Por vezes, Sion Sono surpreende mesmo dentro da irregularidade. Shinjuku Swan 2 (2017), por exemplo, é melhor que Shinjuku Swan (2015) porque a mudança de Shinjuku para Yokohama parece ter inspirado uma mise en scène mais elaborada, sabe-se lá por quê. Rabu & Pîsu (Love & Peace, 2015) é um dos cinco filmes que Sono lançou nesse ano e surpreende pela comunhão de seu pessimismo com um tom mais juvenil, numa espécie de cruzamento bizarro entre Toy Story (1995), Wall-E (2008), Godzilla, Bruno Aleixo e os Muppets, com Annette (2021) como um primo mais novo na família. A ficção científica Hiso hiso boshi (The Whispering Star, 2015), tem um dos desenvolvimentos mais coesos de sua carreira, embora seja um filme atípico e a limitação apareça claramente na segunda metade: o realizador parece não saber para onde ir.
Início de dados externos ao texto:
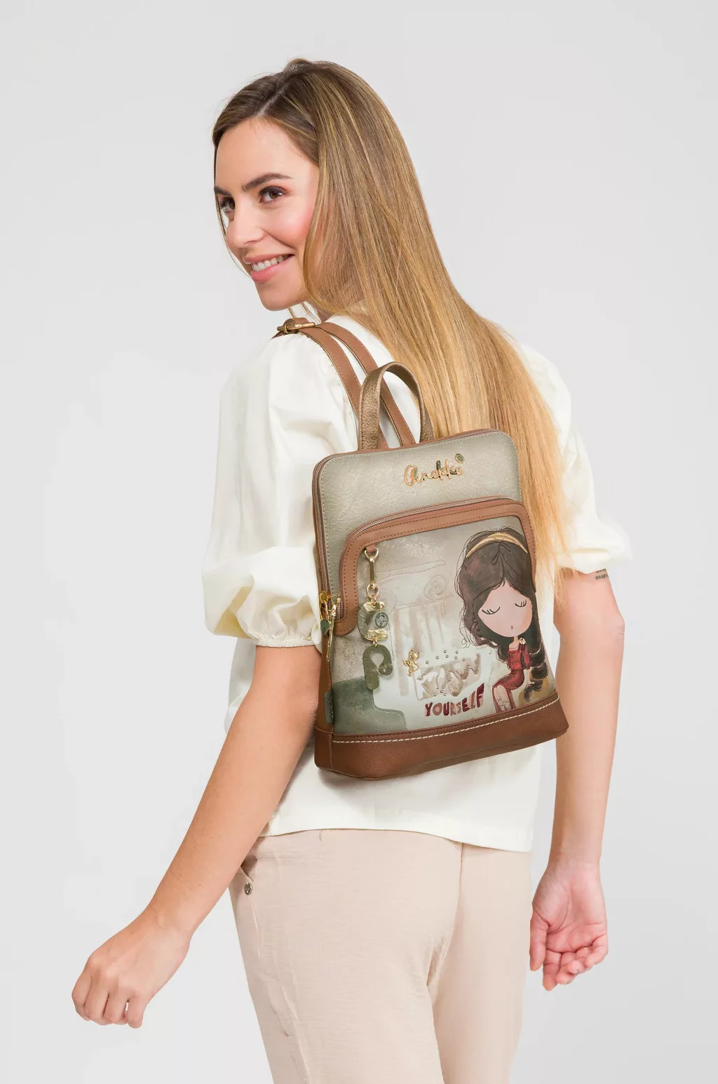 A márka ikonikus figurája Towanda, Anekke kalandvágyó macskája, aki sokak kedvence lett az évek során. Towanda gyakran megjelenik a kollekciók mintáin, kitűzőin vagy apró részleteiben, és vidám, játékos hangulatot ad a táskák megjelenésének.

Filmografia alguma se sustenta com alguns trechos talentosos pinçados em pencas de filmes desiguais, um efeito gangorra que se multiplica entre os filmes. A de Sion Sono, apesar de todo o endeusamento, permanece um mistério de desleixo e imperfeição, com muito pouco em troca. Em alguns casos, em cinema, é o desleixo e a imperfeição que oferecem um estilo conscientemente tortuoso, mas muito vivo, febril, estimulante. No caso de Sion Sono, o que temos de bom nos chega apesar do desleixo e da imperfeição. Daí o lamento por essas duas características serem tão predominantes em seu trabalho.